Дружба между Робертом Исвалем и Ингой Бьеррелунд для всех была загадкой — и для подруг Инги и для друзей Роберта, а прежде всего для них самих. Пересуды обычно кончались
банальным замечанием, чго противоположности сходятся не менее часто, чем натуры родственные.
Началось все с резкой неприязни. Роберта послали в парен-ский интернат чинить электропроводку.

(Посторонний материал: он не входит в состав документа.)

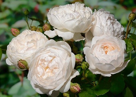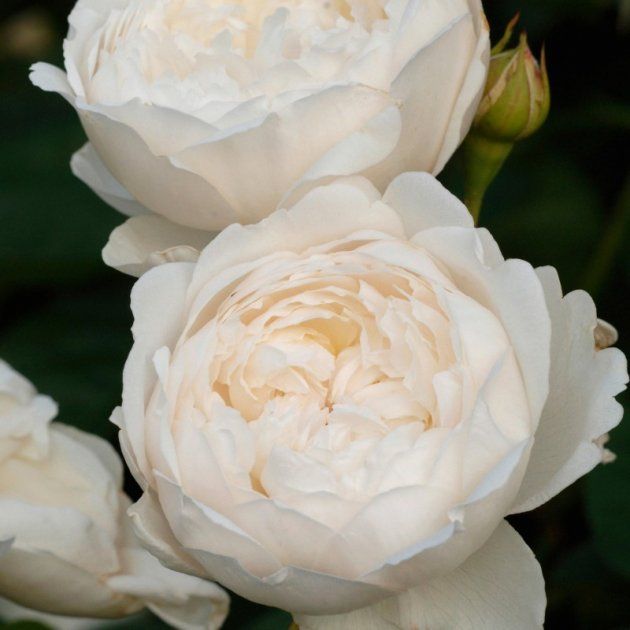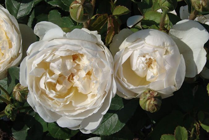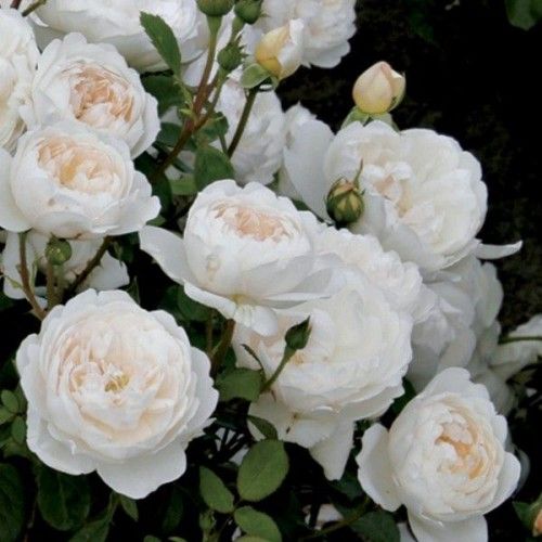 Glamis Castle- вражає чистотою білого кольору пелюсток троянд. Характеризується пишним і рясним цвітінням, ніжні чашовидні густомахрові квіти старомодної форми, відчувається солодкий аромат з нотками мірри. Троянда зацвітає однією з перших, і цвіте майже безперервно, постійно випускаючи нові бутони. Кущ міцний, компактний, округлої форми. Кущ розростається з віком, кращі свої декоративні якості проявляє при посадці в напів тіні. Сорт висаджується на передньому плані клумб, прекрасно виглядає при висадці у великих горщиках для декорації патіо-двориків. Кущ невеликий, висотою 90 см і діаметром 75 см з численними тонкими пагонами, які безперервно радують дуже великою кількістю квіток.
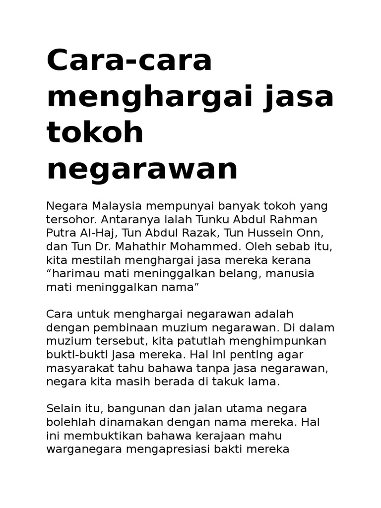 Cara cara menghargai jasa tokoh negarawan cara cara menghargai jasa tokoh negarawan negara malaysia mempunyai banyak tokoh yang tersohor. 11 tok gajah tok gajah adalah ayah kepada pahlawan melayu pahang iaitu mat kilau. Perjuangan mencapai kemerdekaan negara pada 31 ogos 1957 adalah hasil usaha yang dilakukan oleh pemimpin masyarakat yang berwibawa dan berdedikasi. Tok gajah merupakan tokoh yang terlibat bersama dengan datuk bahaman mat kilau dan datuk lela menentang penjajah inggeris.
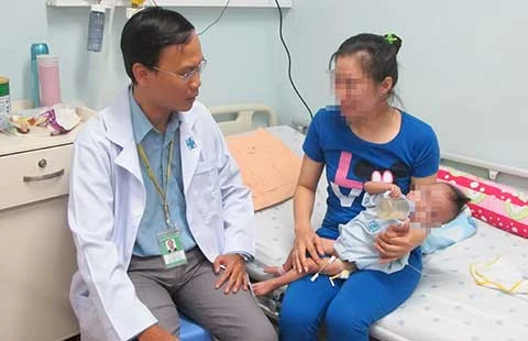 Chị NTTX (Khánh Hòa) hạnh phúc khi con mình được BV ĐH Y Dược hỗ trợ mổ tim miễn phí. Ảnh: HÀ PHƯỢNG
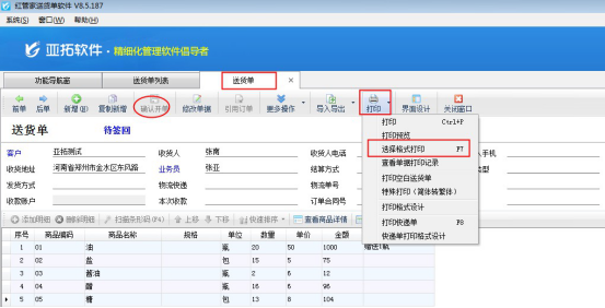 亞拓管理軟件、紅管家送貨單軟件、紅管家倉庫管理軟件等都支持一個單據設置多個打印模板,有時打印一張單據可能會遇到要使用兩種不同的打印模板,軟件只能默認其中一個為默認模板,大部分客戶選擇除默認模板外的打印模板需要重新進去打印格式設計界面進行選擇。軟件可以在打印時直接選擇格式進行打印。

— Задержишься там подольше,— учил его мастер,— заведение принадлежит «Народной солидарности». Я тоже народ, а солидарность происходит от слова «солидный», вот мы и поможем себе, выписав солидный счет. Ну, валяй, да не забудь о счете!
Комнаты интерната были переполнены, а школьники болтливы и любопытны. Они глаз не спускали с Роберта, а когда он пыхтел, отодвигая их двухэтажные кровати от стен, чтобы добраться до проводки, стояли как вкопанные и только канючили, чтобы он был поосторожнее с картинками.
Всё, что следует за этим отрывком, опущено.